━━━ Material shown ━━━

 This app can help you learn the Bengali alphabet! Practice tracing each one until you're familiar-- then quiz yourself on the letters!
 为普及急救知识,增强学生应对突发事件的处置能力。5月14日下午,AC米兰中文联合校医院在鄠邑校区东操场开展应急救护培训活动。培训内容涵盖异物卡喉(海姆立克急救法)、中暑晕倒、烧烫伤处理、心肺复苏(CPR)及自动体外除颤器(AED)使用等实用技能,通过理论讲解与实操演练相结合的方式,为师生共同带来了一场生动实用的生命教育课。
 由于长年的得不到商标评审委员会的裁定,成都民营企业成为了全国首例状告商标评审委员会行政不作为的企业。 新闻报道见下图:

━━━
━━━ Material shown ━━━

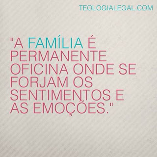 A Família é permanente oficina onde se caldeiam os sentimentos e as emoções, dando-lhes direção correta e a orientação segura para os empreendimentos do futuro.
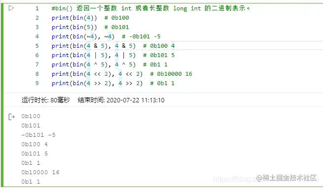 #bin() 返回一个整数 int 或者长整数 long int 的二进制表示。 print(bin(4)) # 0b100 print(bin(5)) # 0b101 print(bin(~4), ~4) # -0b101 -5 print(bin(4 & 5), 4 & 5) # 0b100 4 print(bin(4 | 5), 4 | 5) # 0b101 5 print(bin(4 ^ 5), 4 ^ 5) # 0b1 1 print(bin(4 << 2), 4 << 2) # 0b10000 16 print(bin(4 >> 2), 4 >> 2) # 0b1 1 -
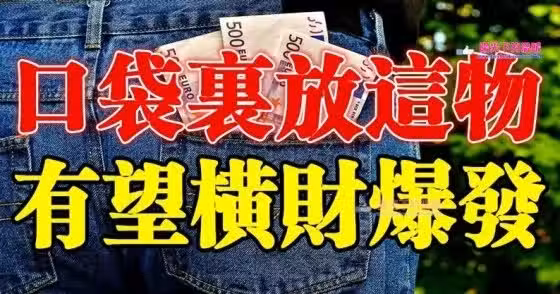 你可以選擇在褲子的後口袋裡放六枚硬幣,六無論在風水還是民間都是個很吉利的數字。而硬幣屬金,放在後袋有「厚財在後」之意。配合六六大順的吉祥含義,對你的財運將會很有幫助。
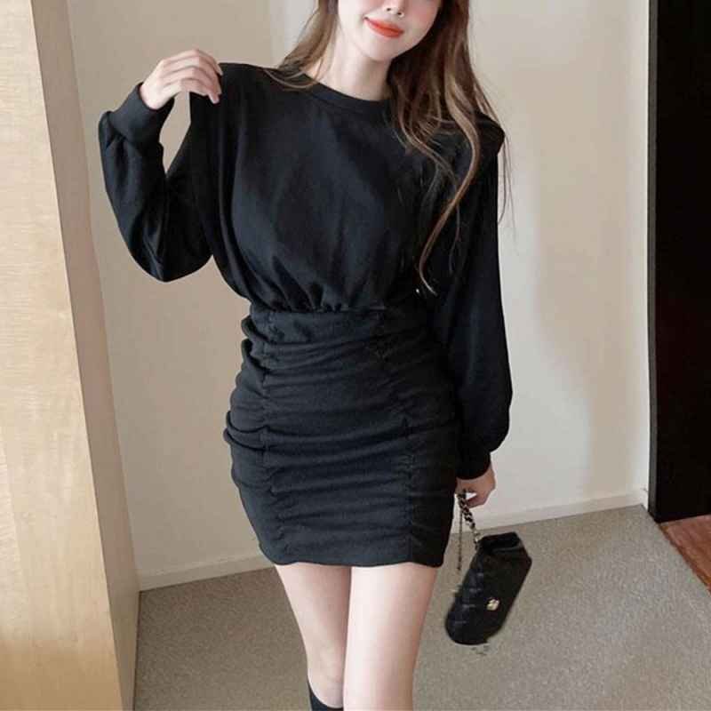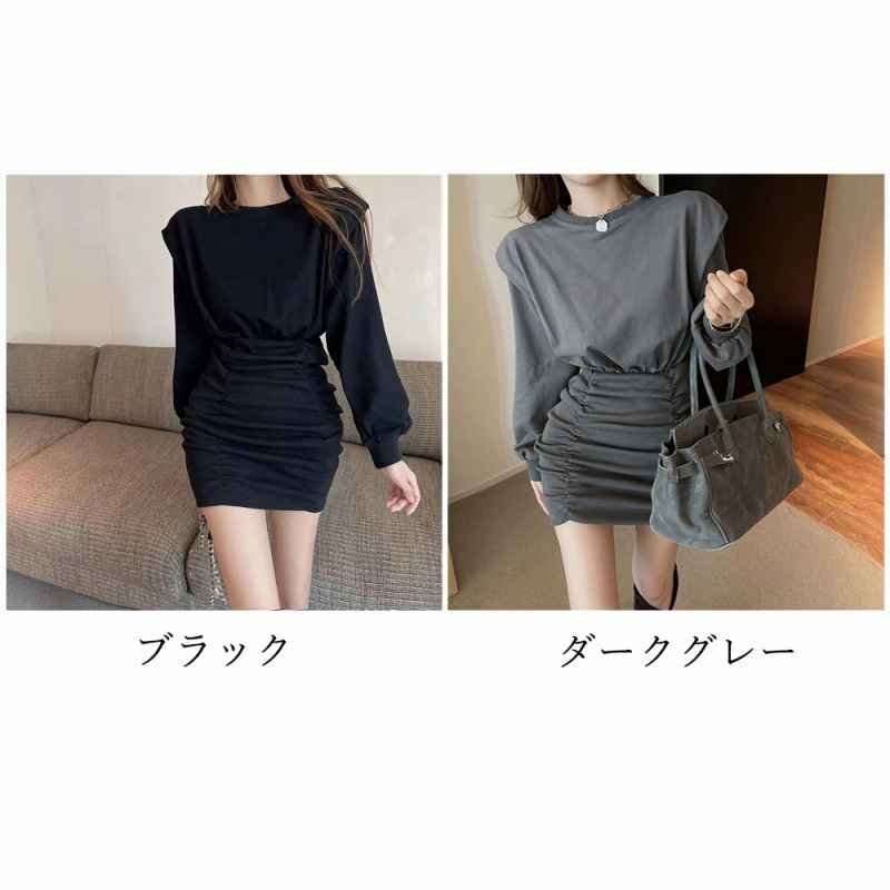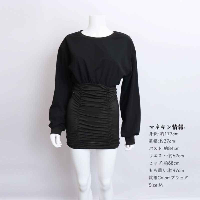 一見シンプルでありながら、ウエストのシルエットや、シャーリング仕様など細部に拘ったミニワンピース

━━━

| Work required |
Of the entries above, repeat exactly the lines between the line with "This app can" and the line with "由于长年的得不到商标评审委员", inclusive, and no others.

| Task output |
 This app can help you learn the Bengali alphabet! Practice tracing each one until you're familiar-- then quiz yourself on the letters!
 为普及急救知识,增强学生应对突发事件的处置能力。5月14日下午,AC米兰中文联合校医院在鄠邑校区东操场开展应急救护培训活动。培训内容涵盖异物卡喉(海姆立克急救法)、中暑晕倒、烧烫伤处理、心肺复苏(CPR)及自动体外除颤器(AED)使用等实用技能,通过理论讲解与实操演练相结合的方式,为师生共同带来了一场生动实用的生命教育课。
 由于长年的得不到商标评审委员会的裁定,成都民营企业成为了全国首例状告商标评审委员会行政不作为的企业。 新闻报道见下图:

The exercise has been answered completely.